Primos e meu irmão. Eu sou o emburradinho do canto direito.

in girum imus nocte et consumimur igni

Esse texto foi publicado originalmente na Revista Creta, na edição dedicada à cidade de São Paulo. Aliás, se vocês não a conhecem ainda, cliquem ali no link. Publicado aqui no blog levemente alterada e com links que elucidam termos e ilustram passagens. Sei lá, deu uma expandida na experiência até pra mim! Abram os links em outras abas e vejam se não forma um conjunto interessante… 

De certa forma, comunica-se com muito do que será publicado no meu próximo zine, “Sonho da Casa Própria…”, a ser lançado na Feira Plana em São Paulo e posteriormente no Rio de Janeiro e em Pouso Alegre!

Ah, recomendo a leitura tendo como trilha o álbum Qualquer Frágil Fio de Fantasia, do projeto Lise, do querido amigo Daniel Nunes, pra mim, eternamente o maior baterista do inesquecível Retórica, de Belo Horizonte!

Primos e meu irmão. Eu sou o emburradinho do canto direito.

Primos e meu irmão. Eu sou o emburradinho do canto direito.

in girum imus nocte et consumimur igni

Largado no quintal, esperando o pouco do sol que se agigantava em um fiapo de horas acima do muro alto que estabelecia o limite entre minha casa e a viela. O sol ainda driblando a laje tirânica que da outra ponta do minúsculo quintal queria furtar a nós a presença majestática. A espera naquele chão frio – um mosaico sem graça formado por cacos de azulejos cimentados por todo o quintal e corredor – me lembrando a existência: brigas na rua, pipas perdidas, jogos de fubeca onde invariavelmente saía perdedor, os amores inconclusos… um moto-contínuo existencial onde a epifania e o gozo que encontraria muito adiante me eram negadas. Os azulejos de tons pasteis dominavam a topografia. A falta de tons da miserável vida cotidiana era reafirmada no meu leito matinal. Um ou outro caco colorido me faziam assomar ficções todos os dias que findavam com os primeiros raios do Sol queimando as pestanas. Mas não eram essas as histórias que ficaram em minha memória.

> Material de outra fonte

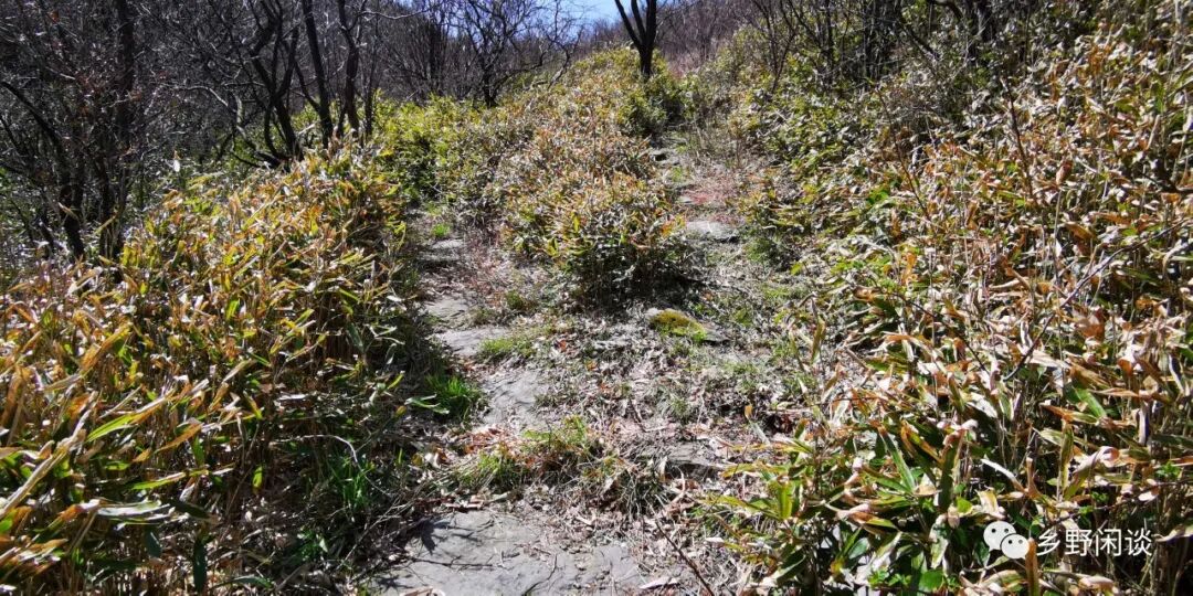从路亭遗址到举公岭岭头,大部分古道都是这个状态,且多处路段长满齐人高的箬叶,还有带刺的树莓(覆盆子)或高粱泡丛蔓。好在大部分灌木刚吐绿,地上茅草也刚冒芽,古道所形成的廊道尚可行走。祁门蛇多,再过个把月,这些稠密青翠、阴凉潮湿的箬叶林或茅草丛里将是这些爬行动物天堂,谁还敢走这条路。这条路上还有另一种危险动物——野猪,它们也是损坏这条古道的祸首之一。在万物萧瑟的季节,它们翻开路面石板,也许能找到躲在里面度冬的蚯蚓、蚕蛹之类的食物。虽然这些小虫也没多少肉,但总有点荤腥,比草根树叶强多了。运气好时也许还能翻出一两条冬眠中的蛇类,去年11月份走黟县棠梨岭古道时,就在古道石板下面翻出两条大蛇,要是野猪出手,那将是一份饕餮大餐。这里随处可见被野猪拱过的痕迹,很多被翻开的泥土还是湿漉漉的,在山腰一条小溪附近,我们还见到两头正在路上打架抢食的小野猪仔。殊不知,这么小的野猪仔是必然是有母猪带着外出觅食,如果有人正好与母野猪正面相遇,母爱的力量会让野猪毫不犹豫地向人发起攻击,估计在野猪眼里,我们几个也仅仅是两条腿走路的“小动物”而已。好在小野猪仔很快跑进灌木丛中,估计是俩贪玩落单的小家伙。

O sol me livrava da quase morte todos os dias. O tom pastel predominante me lembrava a terra, e trazia a tona um exercício diário onde tentar diminuir a respiração até que a mesma parasse de existir era a ambiciosa meta. Ou, em dias inspirados, buscar um vazio de pensamentos onde me livrasse de toda e qualquer ideia – na minha cabeça a respiração e a vida por extensão eram frutos da ideia que brotava em nossa mente. Quando alcançava este estado, enganava o frio daquele piso e encontrava o calor da terra escura, meu corpo sugado lentamente por ela, a paz chegando, o som ambiente se desfazendo, um aconchego natural, o contato da minha pele com a maciez daquele solo trazia-me sensação que nunca mais pude recuperar. Talvez não seja exato chamar isso de morte, mas não tivera contato ainda com as histórias do Monstro do Pântano, o avatar do “verde”.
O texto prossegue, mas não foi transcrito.